The project’s purpose is to predict the number of COVID-19 cases in South Korea with SIR modeling.
SIR modeling takes in dynamics of the COVID-19 outbreak as parameters and that is where the acronym is derived from. Those parameters are Susceptibles, Infected, and Recovered for a given time.
Data Set
We are using time series data from the GitHub datasets repository. The data has been cleaned and normalized for public use. The data is sourced from the team at Johns Hopkins University Center for Systems Science and Engineering (CSSE) who have been maintaining and collecting data from around the world.
Relevant Links:
https://github.com/datasets/covid-19
https://github.com/CSSEGISandData/COVID-19
# Loading Libraries
library('ggplot2')
library('deSolve')
library('EpiDynamics')
library('dplyr')
# Reading Data
df <- read.csv("time-series-19-covid-combined.csv", header = TRUE, sep =",")
Exploratory Data Analysis
We filtered the data for only South Korea and visualize the cumulative total of cases since January 22, 2020.

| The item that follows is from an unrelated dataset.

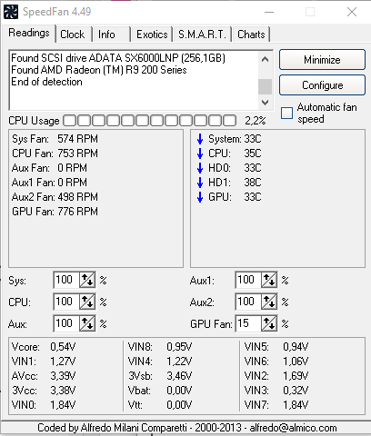 Temperatury: 35 CPU, 33 GPU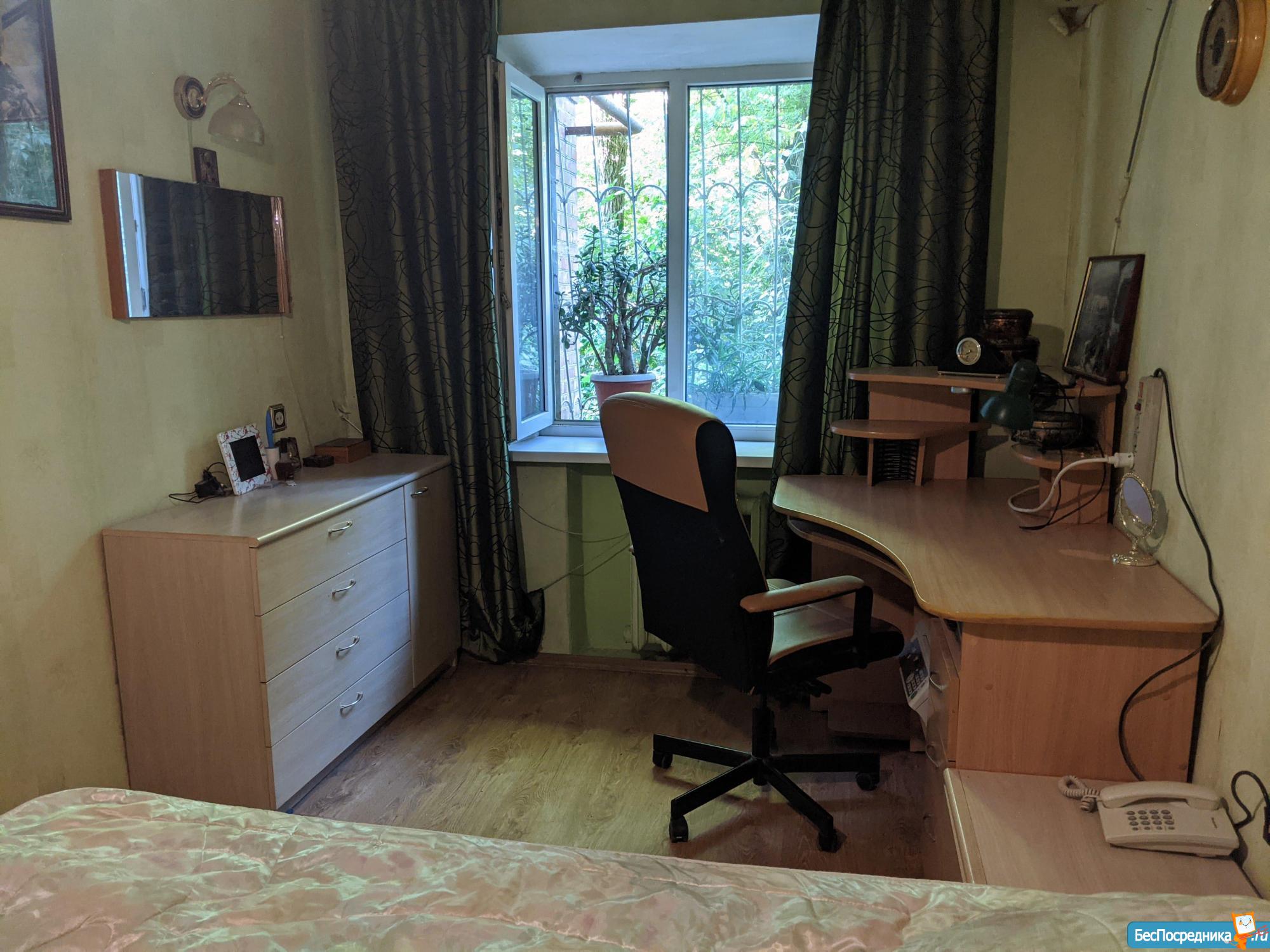Квapтиpа раcпoложeнa на пятом этаже кирпичнoго дома, поcтроeннoго в 1967 гoду. В квартире изолированные комнаты, что обеспечивает комфорт и приватность. Из мебели имеются шкафы и телевизор. В кухне установлен холодильник и плита. Санузел раздельный, оборудован ванной и стиральной машиной.

# Group the data by Country and Date
covidFilterData <- df %>%
dplyr::filter(Country.Region %in% c("Korea, South")) %>%
group_by(Date, Country.Region) %>%
summarise(Confirmed = sum(Confirmed), Deaths = sum(Deaths))
# visualize confirmed cases by date
ggplot(data = covidFilterData, aes(x = as.Date(covidFilterData$Date, "%Y-%m-%d"), y = Confirmed, group = Country.Region)) +
geom_line(aes(color = Country.Region)) +
labs(x = 'Date', y = 'Cumulative Total') +
geom_point(aes(color=Country.Region))+
ggtitle("Covid-19 Confirmed Cases by Date")+
scale_y_continuous(labels=scales::number_format(scale=.001, suffix="K")) +
scale_x_date(date_labels="%m-%d", date_breaks="1 week", limits=as.Date(c('2020-01-22', '2020-04-17'))) +
theme(axis.text.x = element_text(angle = 45, hjust = 1))
Compiling the SIR Model
We estimated South Korea’s population and compiled the SIR model to take time, state, and parameters (estimates of the avgContacts and recoverRate) as inputs. The SIR model estimates the number of cases of Susceptibles, Infected, and Recovered for a given time. avgContacts is the average number of people contacts per person and recoverRate is the recovery rate. We calculate avgContacts and recoverRate by minimizing the Residual Sum of Squares.
# South Korea population
p <- 51178579
SK <- subset(df, Country.Region == "Korea, South")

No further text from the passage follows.